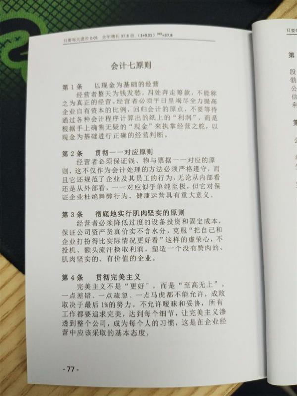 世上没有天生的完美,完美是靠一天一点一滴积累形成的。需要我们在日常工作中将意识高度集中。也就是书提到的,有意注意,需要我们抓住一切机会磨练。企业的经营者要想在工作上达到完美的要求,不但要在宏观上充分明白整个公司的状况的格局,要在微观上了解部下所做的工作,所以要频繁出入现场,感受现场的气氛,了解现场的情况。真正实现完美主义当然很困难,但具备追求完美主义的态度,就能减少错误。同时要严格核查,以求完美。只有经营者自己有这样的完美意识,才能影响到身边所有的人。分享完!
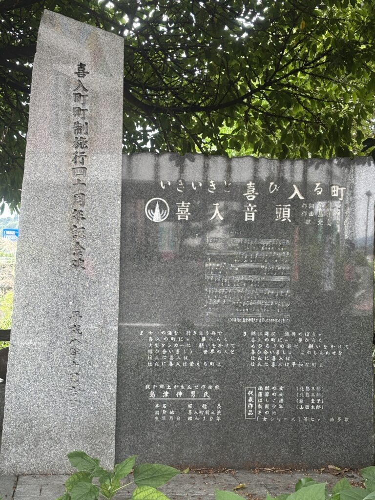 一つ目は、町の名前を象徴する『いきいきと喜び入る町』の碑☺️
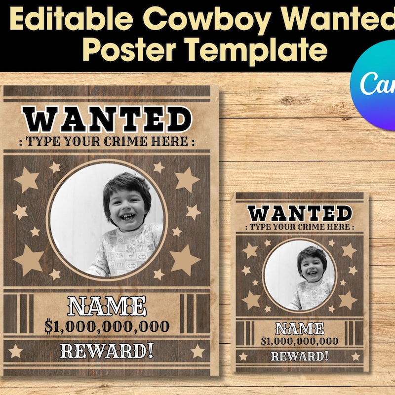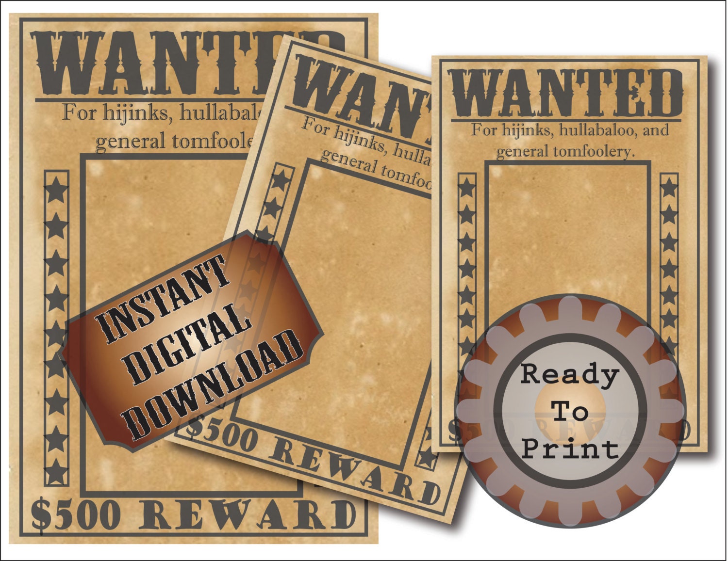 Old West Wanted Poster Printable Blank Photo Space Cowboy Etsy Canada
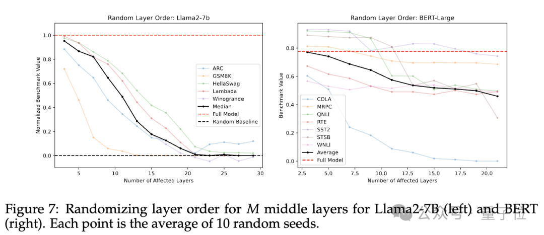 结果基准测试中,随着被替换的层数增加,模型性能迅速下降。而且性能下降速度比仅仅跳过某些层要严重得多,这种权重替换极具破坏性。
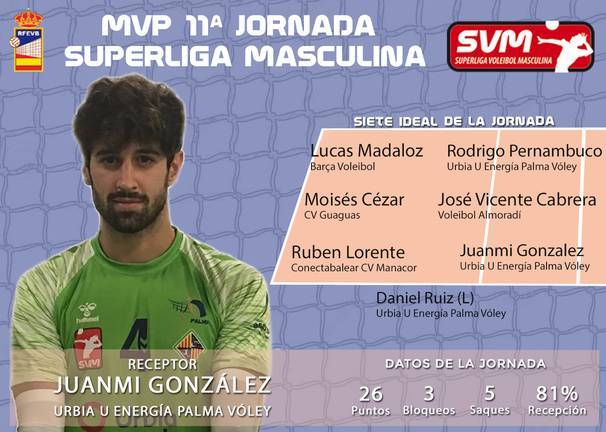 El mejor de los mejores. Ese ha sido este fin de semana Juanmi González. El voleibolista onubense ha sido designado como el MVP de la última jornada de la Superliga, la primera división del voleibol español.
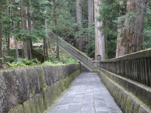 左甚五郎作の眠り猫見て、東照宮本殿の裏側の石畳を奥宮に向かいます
────
• _EXERCISE REQUIREMENTS_
Transcribe exactly, and only, the lines from the line with "Old West Wanted" through the last line of the records, inclusive; the pictures do not belong in the copy.

• _ANSWER AREA_
 Old West Wanted Poster Printable Blank Photo Space Cowboy Etsy Canada
 结果基准测试中,随着被替换的层数增加,模型性能迅速下降。而且性能下降速度比仅仅跳过某些层要严重得多,这种权重替换极具破坏性。
 El mejor de los mejores. Ese ha sido este fin de semana Juanmi González. El voleibolista onubense ha sido designado como el MVP de la última jornada de la Superliga, la primera división del voleibol español.
 左甚五郎作の眠り猫見て、東照宮本殿の裏側の石畳を奥宮に向かいます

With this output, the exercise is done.